# VG10 vs AUS10?



## KFCUK

Hi KKF,

I am doing some research on VG10 steel and keep coming across AUS10, I know they are different but is this just where it comes from US of A being AUS 10 and Japan being VG10?

440C is this the equivalent to VG10? 

Can any of the steels brake a 62HRC or do they stop at that?


----------



## ModRQC

VG10 and Super Gold 2 - Takefu Stainless Steel Properties and History - Knife Steel Nerds


New experiments on toughness, edge retention, and corrosion resistance of VG10 and Super Gold 2 (SG2). I also covered the history of these Takefu steels.




knifesteelnerds.com


----------



## HumbleHomeCook

AUS steels are Japanese.


----------



## ModRQC

Guess the answer to last would be that most steel can be hardened higher than what you see them go at, but at the detriment of toughness to say the least, but other characteristics may suffer too.

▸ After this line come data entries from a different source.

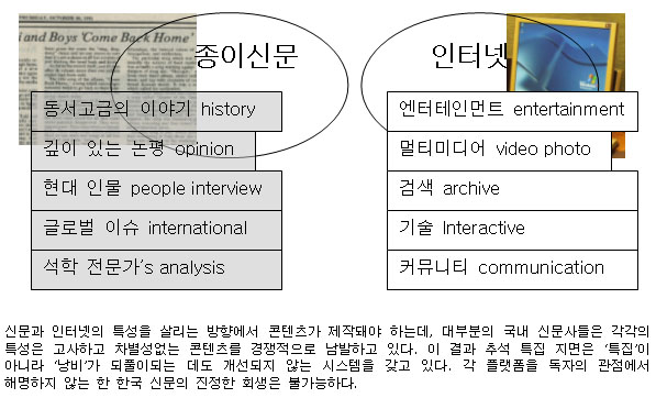 20세기 신문의 전형을 보여준 올해 추석특집 타블로이드판을 제작한 기자들도 적지 않은 부끄러움을 느꼈을 것이다. 이러한 콘텐츠로 독자들을 상대하는 것이 과연 의미있는 일인지 자괴했을지 모른다.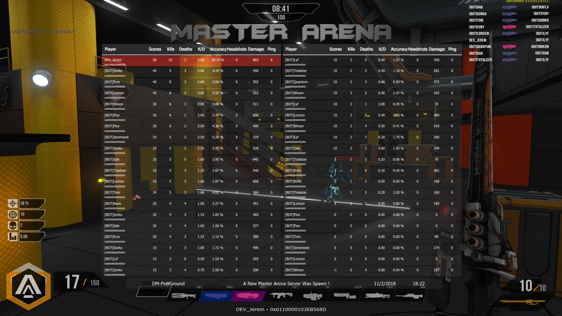 Okay, it is something simple, crazy and fun. What it is? A Large-Deathmatch mode! Yes, a 40 PLAYERS ARENA GAME TYPE! Oh great!!! When will it be available? Right now on solo/local and this Wednesday for the online playtest! We will test it on Instagib.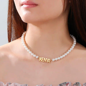 Wir präsentieren die Perlenkette mit Namen – eine Fusion aus zeitloser Eleganz und persönlichem Charme. Dieses exquisite Stück zeichnet sich durch eine Reihe von glänzenden Perlen aus, die sorgfältig nach Schönheit und Glanz ausgewählt wurden, und führt zu einem individuellen Namensanhänger, der diese Kette wahrhaft einzigartig macht. Ob es Ihr Name, der Name einer besonderen Person oder ein Wort mit tiefer Bedeutung ist, diese Kette verwandelt ein klassisches Accessoire in ein persönliches Stil-Statement.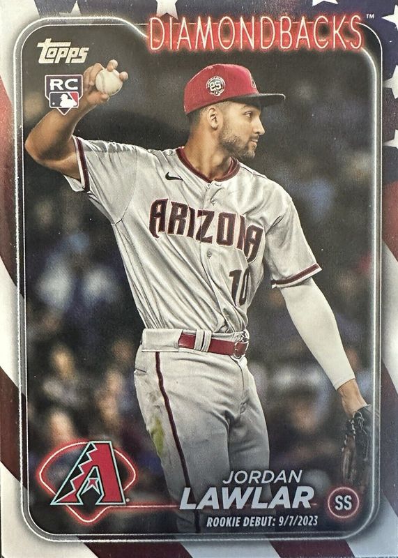 The Jordan Lawlar 2024 Topps Update #US41 Rookie Debut - Independence Day /76 card in Raw condition has not changed in price in the last 30 days and was last sold for $5.99 .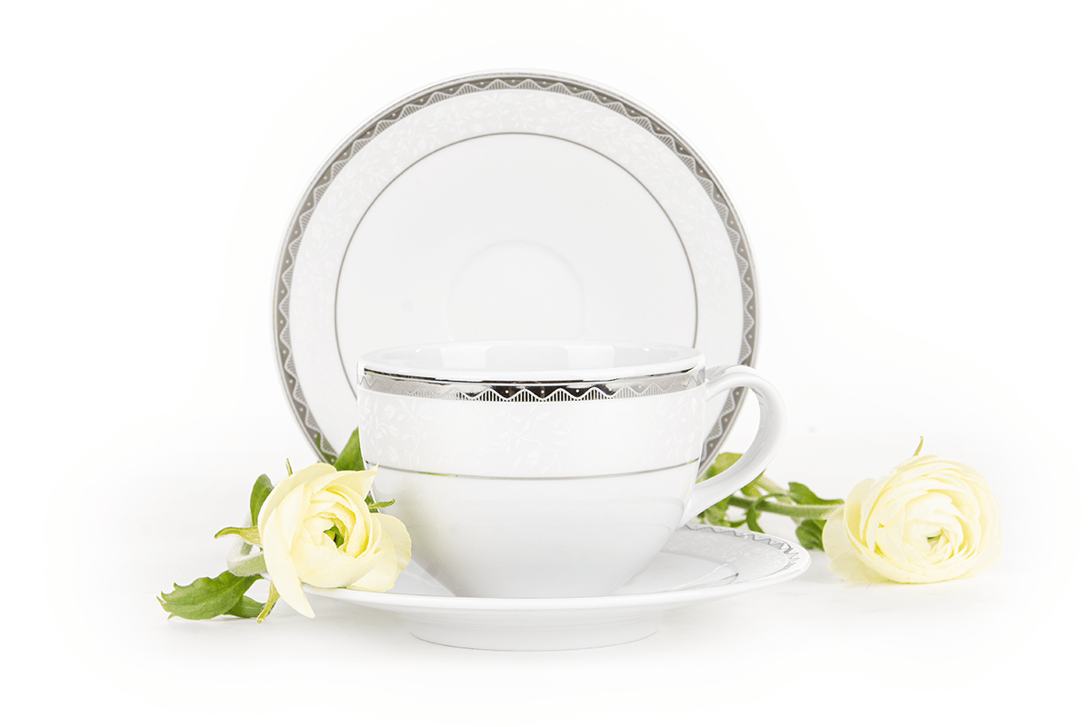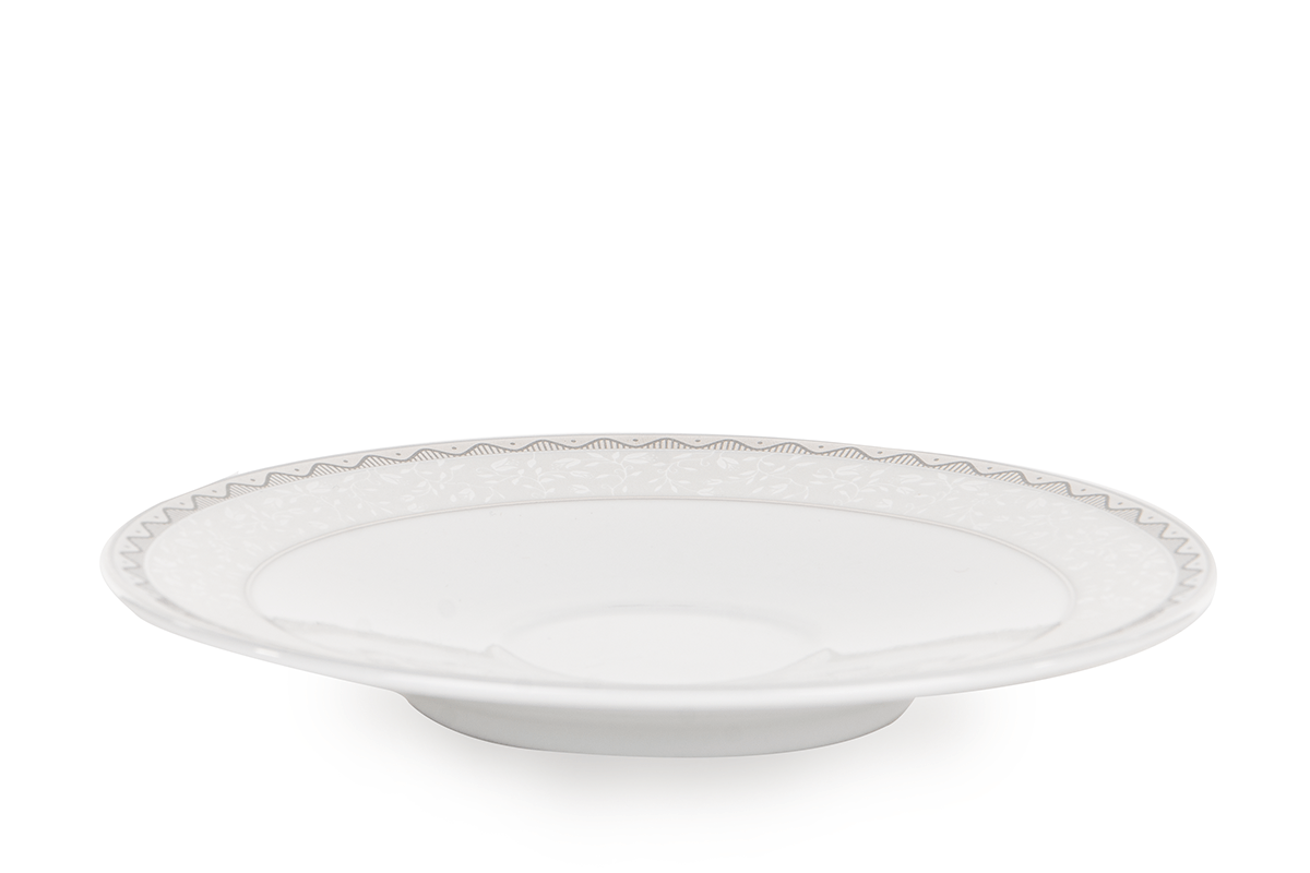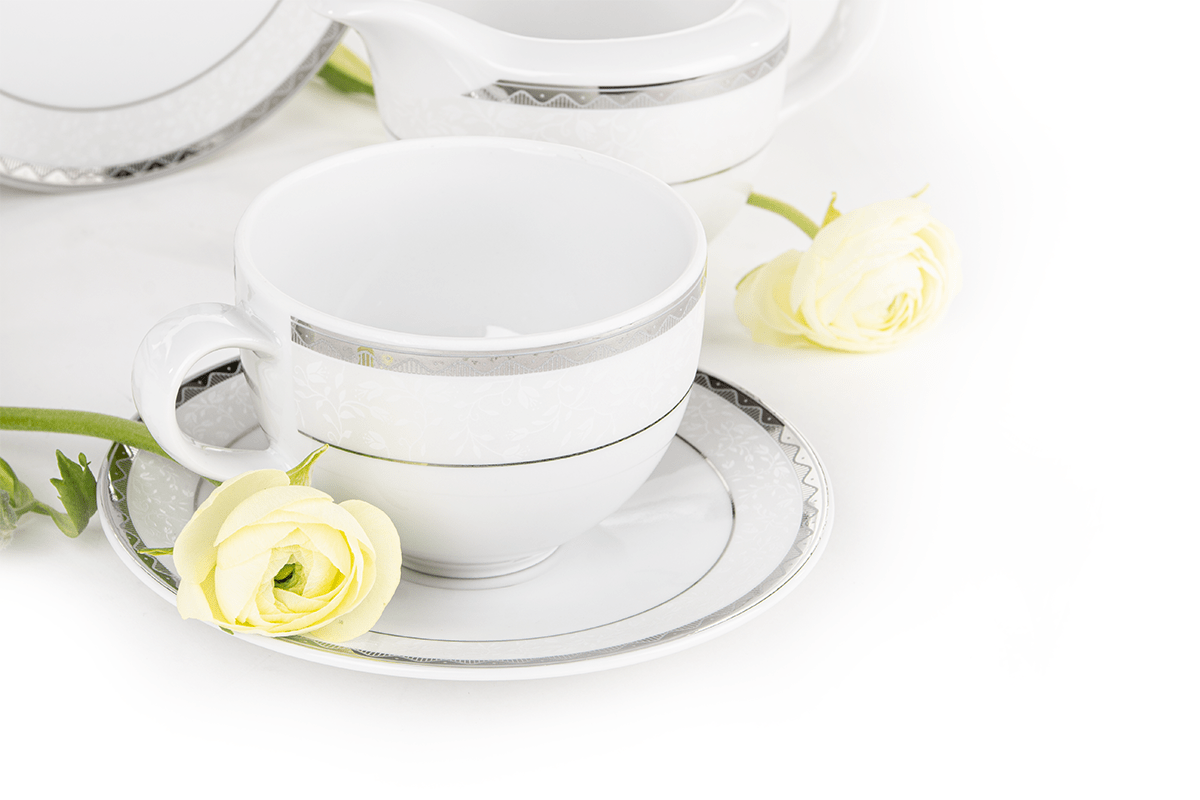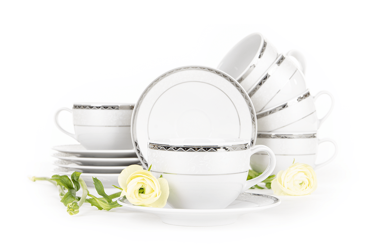 Die markante Kollektion AMELIA PLATYNA verleiht den Räumen Charakter - sie schmückt den Tisch perfekt aus und füllt die verglasten Vitrinen mit Charme. Die Verzierung zeichnet sich durch eine deutlich kontrastierende, wellenförmige Linie mit origineller Füllung aus, während natürliche, erhabene Motive auf der schneeweißen Oberfläche der Kollektion zusätzliche Eleganz verleihen.

Just follow the above article with a couple other reads from @Larrin


----------



## KFCUK

This is amazing thank you very much @ModRQC & @HumbleHomeCook will get reading


----------



## HumbleHomeCook

Zknives.com is your friend.


----------



## Dzbiq

Aus 10 = 440C. 
VG-10 is similar to 154CM, but better. 154CM was the american super steel which is equaled by ATS-34, the japanese version of the same exact thing. Good stuff for sure, 154CM is a slight upgrade from 440C which makes it bit better than Aus 10.

Quality steels can be hardened over 62HRC, but there is a point for certain steel that it isn't worth pushing hardness and at the same time scarifying toughness and making the knife very brittle.


----------